The retrospective devoted to Pablo Picasso at the then Musée des arts décoratifs, Paris, held from 6 June to 15 October 1955, was an homage to the greatest living artist and commemorated the fifty years since he definitively settled in the French capital and became embedded in the narrative of modern painting. The show was strategically placed inside the context of Europe’s rebuilding after the Second World War, with Guernica playing a symbolic, not to mention artistic, role. This was the first official Pablo Picasso exhibition held in Paris after the war, and in fact it was the French government, from its Embassy in Germany, that organised the touring show in Munich, Cologne and Hamburg.

The head curator of the exhibition Picasso was Maurice Jardot, who at the time held close ties with the artist and Daniel-Henry Kahnweiler and was associated with France’s Ministry of Culture, which had spearheaded the cultural affairs of the Delegation of the French military government in Germany in 1944. The first records of letters and arrangements date from January 1955, a time in which Picasso had already agreed to loan a sizeable part of works from his collection, and had informed Alfred H. Barr Jr., director of the Collections Department at New York’s Museum of Modern Art, of the delivery of twelve works on loan at the museum, among them Guernica. Moreover, from the very start plans were made for the exhibition to travel afterwards to three German cities, an exercise in diplomacy and international cultural policy with which to repair – metaphorically – the actions of France during the war.

The exhibition was a huge success among public and critics alike as it gathered conserved documentation, prompting a news agency to be hired to ensure it gained a high media profile in the national and international press. Open to the public from 6 June to 15 October 1955, the show surveyed Picasso’s fifty years of artistic creation, accentuating the concepts of multiplicity and abundance, be it through styles, languages, mediums, formats or techniques. Therefore, it paid tribute to the exceptional nature and wealth of a body of work which stretched across the century.

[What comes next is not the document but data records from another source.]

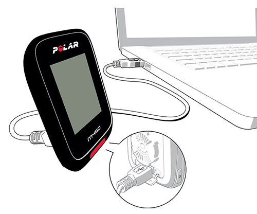 - USB 포트의 고무 커버를 벗기세요. 마이크로 USB 연결 단자를 M460의 USB 포트에 꽂고, 케이블의 다른 쪽 끝을 PC에 꽂으세요.
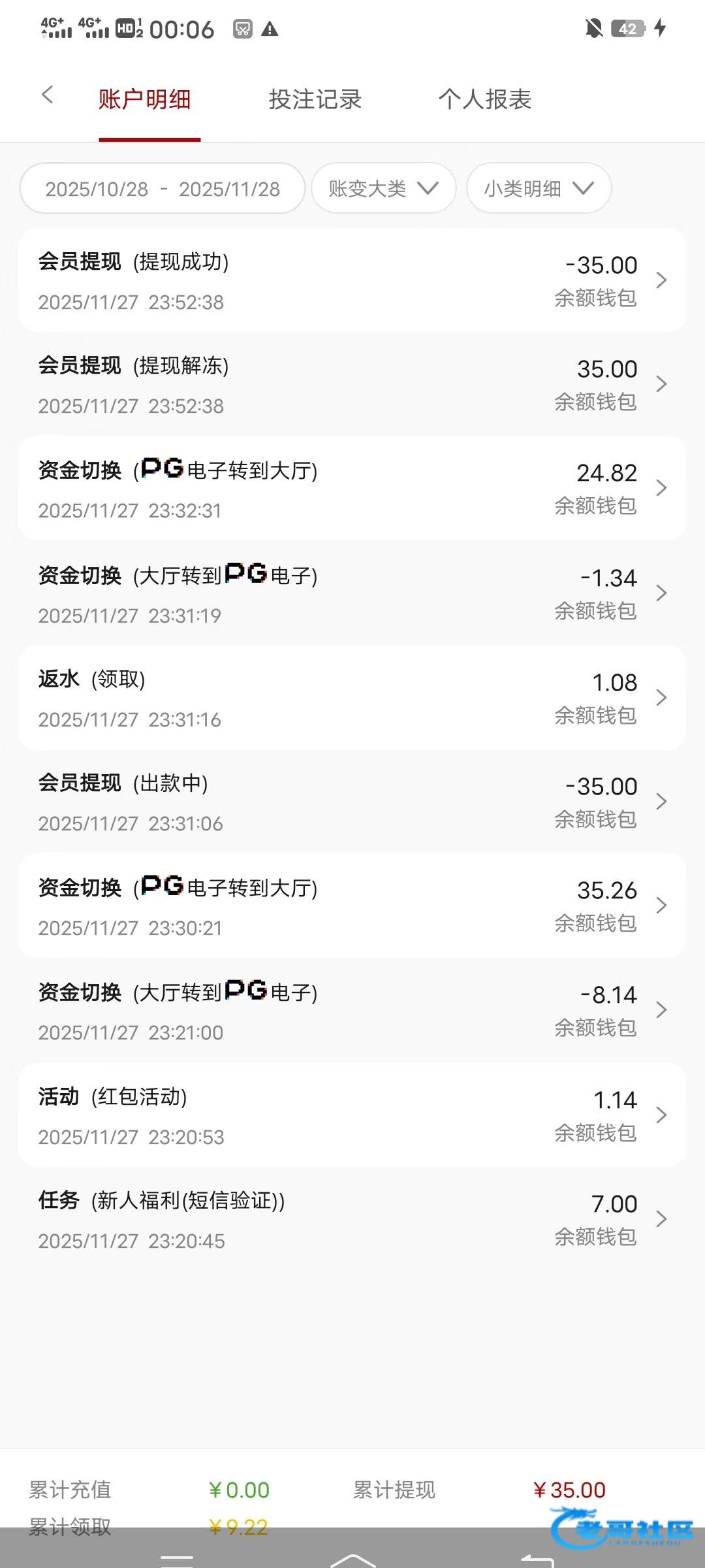 充6块提了100,到账了
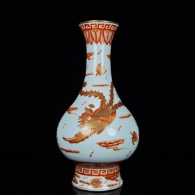 矾红描金云凤纹瓶 高25厘米宽12.5厘米
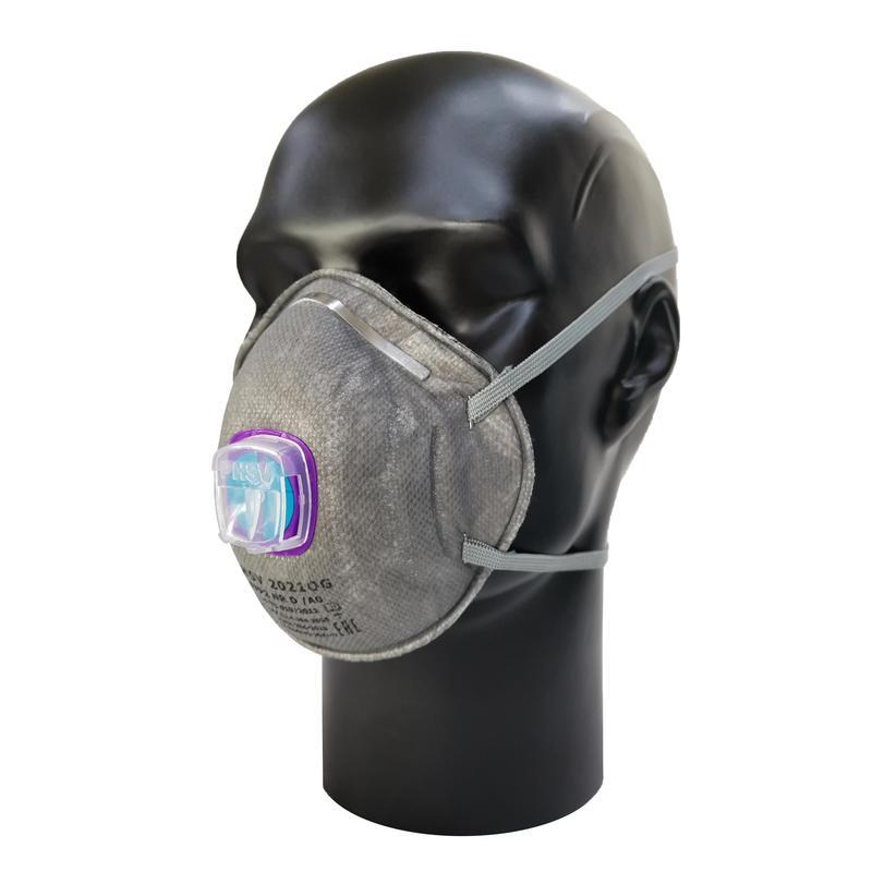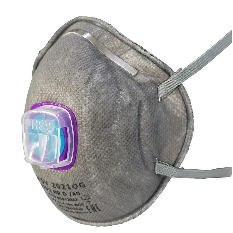 Фильтрующая полумаска PHSV FFP2 NR D/A0 2021OG, с клапаном выдоха, класс фильтрующей эффективности FFP2 до 12 ПДК, чашеобразной формы. Защищает органы дыхания при работах в помещениях с повышенной температурой воздуха, повышенной влажностью и высокой запыленностью до 12 ПДК, а также в среде с содержанием паров органических веществ низкой концентрации.

Another innovation was the way in which Guernica was installed: on the bottom of the work a panel spanning its length was added and bore the verses of Paul Éluard’s poem “La victoire de Guernica”; the words by the French poet served as another reminder, as in 1937, of the setting of war underpinning the painting, and also signalled the oncoming fall of Europe. This painting-poem pairing would be repeated at Munich’s Haus der Kunst (25 October — 26 December 1955), materialising in the memory of cities razed to the ground by the bombings — devastation which occurred in every city along the tour — and the will to rebuild. For instance, Munich was joined by Cologne (Rheinisches Museum Cologne, 30 December 1955 – 26 February 1956) and Hamburg (Kunshalle Hamburg, 10 March – 29 April 1956). The exhibition in Paris, meanwhile, with its symbolic aim and capacity to assemble Picasso’s salient works, coincided with the first edition of documenta, a contemporary art exhibition founded by Arnold Bode in Kassel, another German city bombed and reduced to rubble during the war. Picasso was afforded a prominent space in the show, with the first post-war Picasso event seeking to establish the genealogy of contemporary practices, overcoming the traumas of war, gaining impetus through avant-garde movements, and recovering, on an international scale, the notion of modernity.